**TASK INSTRUCTIONS**
Below are the entries. Print only the lines starting at the one with "糖果盒旋轉(zhuǎn)花朵客廳家用干果堅果零食盒帶蓋分格茶幾果盤多格果盒" and ending at the one with "Features: Bright colors: These", exactly, with no pictures.

**GIVEN RECORDS**
━━━━━━━━━━

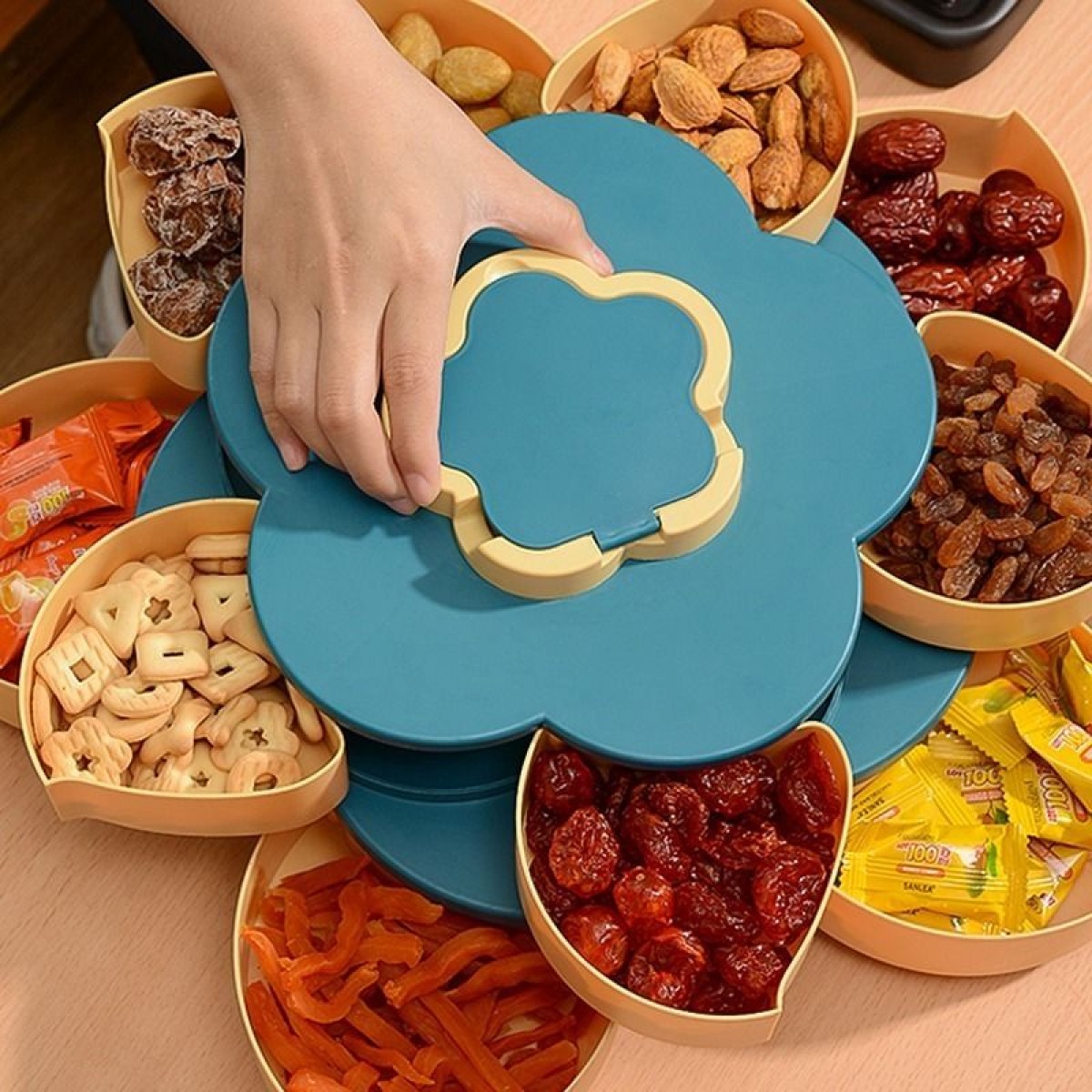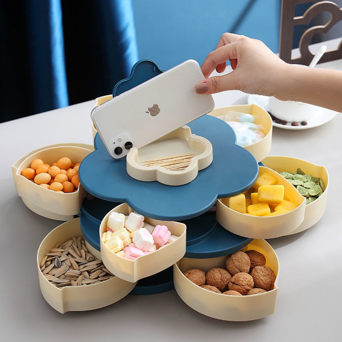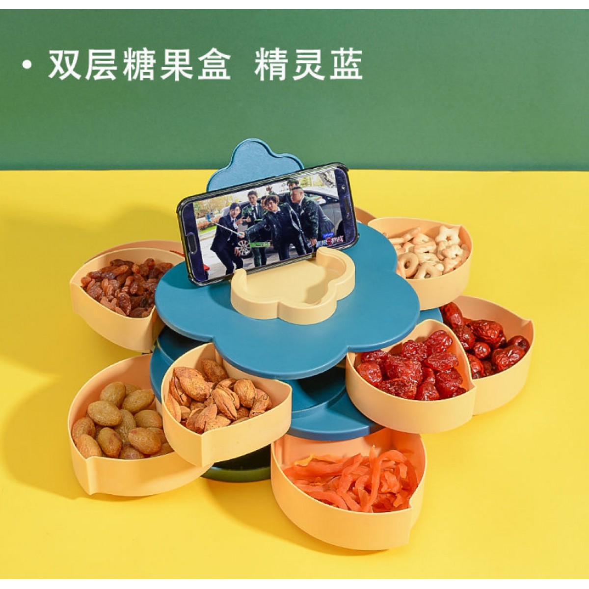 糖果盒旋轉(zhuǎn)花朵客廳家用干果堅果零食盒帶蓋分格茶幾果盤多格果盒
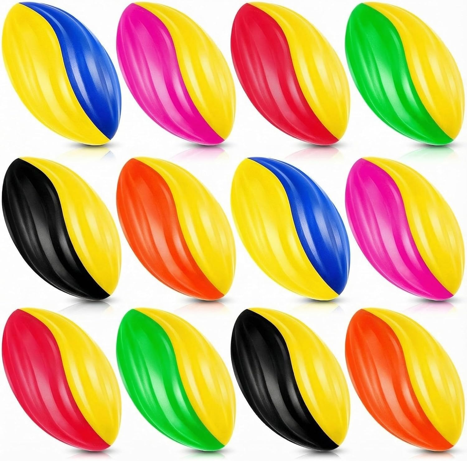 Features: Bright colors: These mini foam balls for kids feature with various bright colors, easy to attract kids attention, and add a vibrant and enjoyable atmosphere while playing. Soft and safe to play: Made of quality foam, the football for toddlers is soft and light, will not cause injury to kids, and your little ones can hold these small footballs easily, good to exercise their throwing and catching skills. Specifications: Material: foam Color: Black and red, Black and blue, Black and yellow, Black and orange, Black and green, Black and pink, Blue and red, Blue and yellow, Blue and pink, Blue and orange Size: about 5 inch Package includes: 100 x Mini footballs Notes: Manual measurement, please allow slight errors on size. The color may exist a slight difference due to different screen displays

━━━━━━━━━━

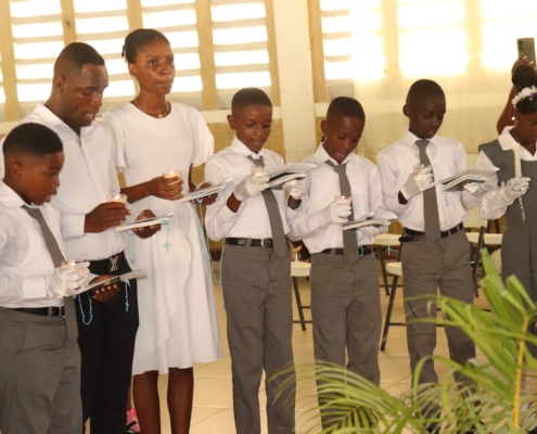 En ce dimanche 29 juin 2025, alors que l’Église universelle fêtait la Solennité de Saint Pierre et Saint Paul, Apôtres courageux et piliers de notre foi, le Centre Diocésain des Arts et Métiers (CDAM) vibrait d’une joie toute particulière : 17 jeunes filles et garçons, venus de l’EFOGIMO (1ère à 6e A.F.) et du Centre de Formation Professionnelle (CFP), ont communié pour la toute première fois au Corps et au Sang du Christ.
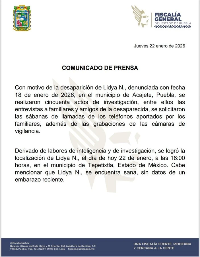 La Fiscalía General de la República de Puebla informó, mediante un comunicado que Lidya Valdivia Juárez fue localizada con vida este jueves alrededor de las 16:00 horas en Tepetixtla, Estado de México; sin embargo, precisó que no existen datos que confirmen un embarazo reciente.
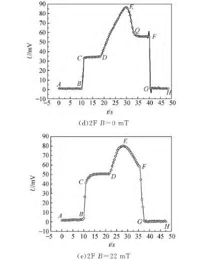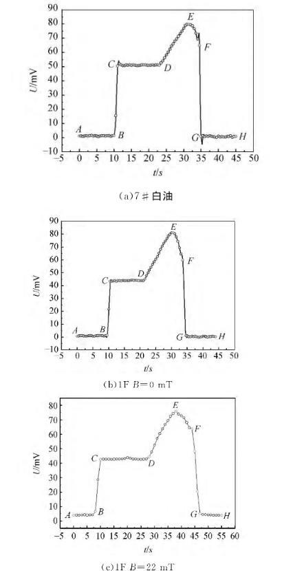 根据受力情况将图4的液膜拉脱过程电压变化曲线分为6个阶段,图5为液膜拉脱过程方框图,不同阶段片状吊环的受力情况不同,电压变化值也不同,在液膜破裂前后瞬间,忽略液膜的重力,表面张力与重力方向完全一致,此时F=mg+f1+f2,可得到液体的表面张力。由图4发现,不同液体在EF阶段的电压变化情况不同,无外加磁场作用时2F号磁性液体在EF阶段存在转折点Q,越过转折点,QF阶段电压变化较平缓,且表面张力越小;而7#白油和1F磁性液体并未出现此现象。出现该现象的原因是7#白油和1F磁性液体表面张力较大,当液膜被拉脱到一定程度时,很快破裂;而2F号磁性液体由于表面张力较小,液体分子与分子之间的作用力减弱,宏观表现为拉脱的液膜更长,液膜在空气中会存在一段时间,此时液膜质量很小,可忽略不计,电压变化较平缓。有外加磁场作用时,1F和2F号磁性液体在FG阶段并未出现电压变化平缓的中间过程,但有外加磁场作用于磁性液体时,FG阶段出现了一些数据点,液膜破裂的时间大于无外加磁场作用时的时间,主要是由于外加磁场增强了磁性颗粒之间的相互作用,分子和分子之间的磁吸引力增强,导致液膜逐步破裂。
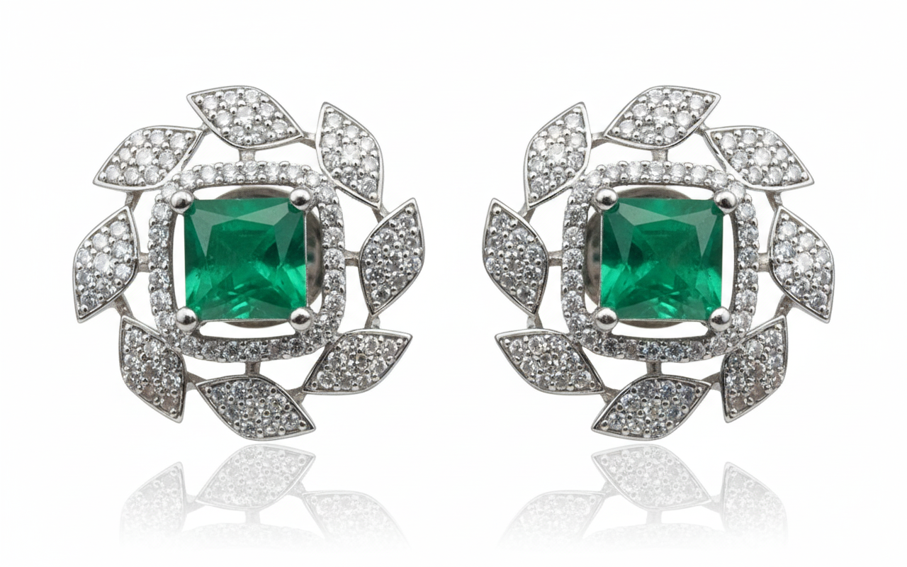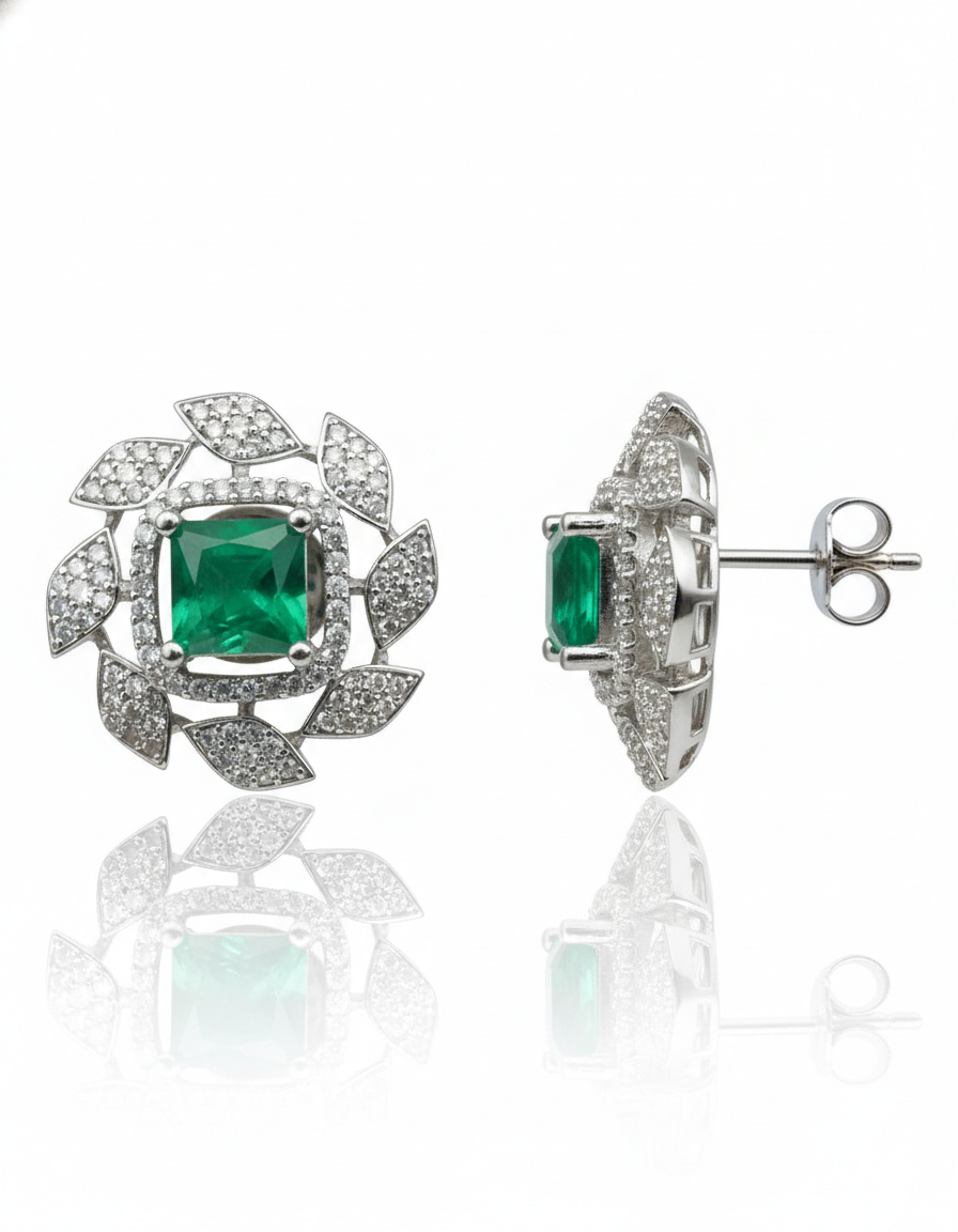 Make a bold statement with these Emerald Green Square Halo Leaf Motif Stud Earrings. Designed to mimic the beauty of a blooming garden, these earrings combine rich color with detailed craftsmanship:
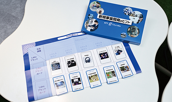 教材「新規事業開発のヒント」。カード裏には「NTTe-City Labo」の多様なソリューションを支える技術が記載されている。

━━━━━━━━━━

**COMPLETED EXERCISE**
 糖果盒旋轉(zhuǎn)花朵客廳家用干果堅果零食盒帶蓋分格茶幾果盤多格果盒
 Features: Bright colors: These mini foam balls for kids feature with various bright colors, easy to attract kids attention, and add a vibrant and enjoyable atmosphere while playing. Soft and safe to play: Made of quality foam, the football for toddlers is soft and light, will not cause injury to kids, and your little ones can hold these small footballs easily, good to exercise their throwing and catching skills. Specifications: Material: foam Color: Black and red, Black and blue, Black and yellow, Black and orange, Black and green, Black and pink, Blue and red, Blue and yellow, Blue and pink, Blue and orange Size: about 5 inch Package includes: 100 x Mini footballs Notes: Manual measurement, please allow slight errors on size. The color may exist a slight difference due to different screen displays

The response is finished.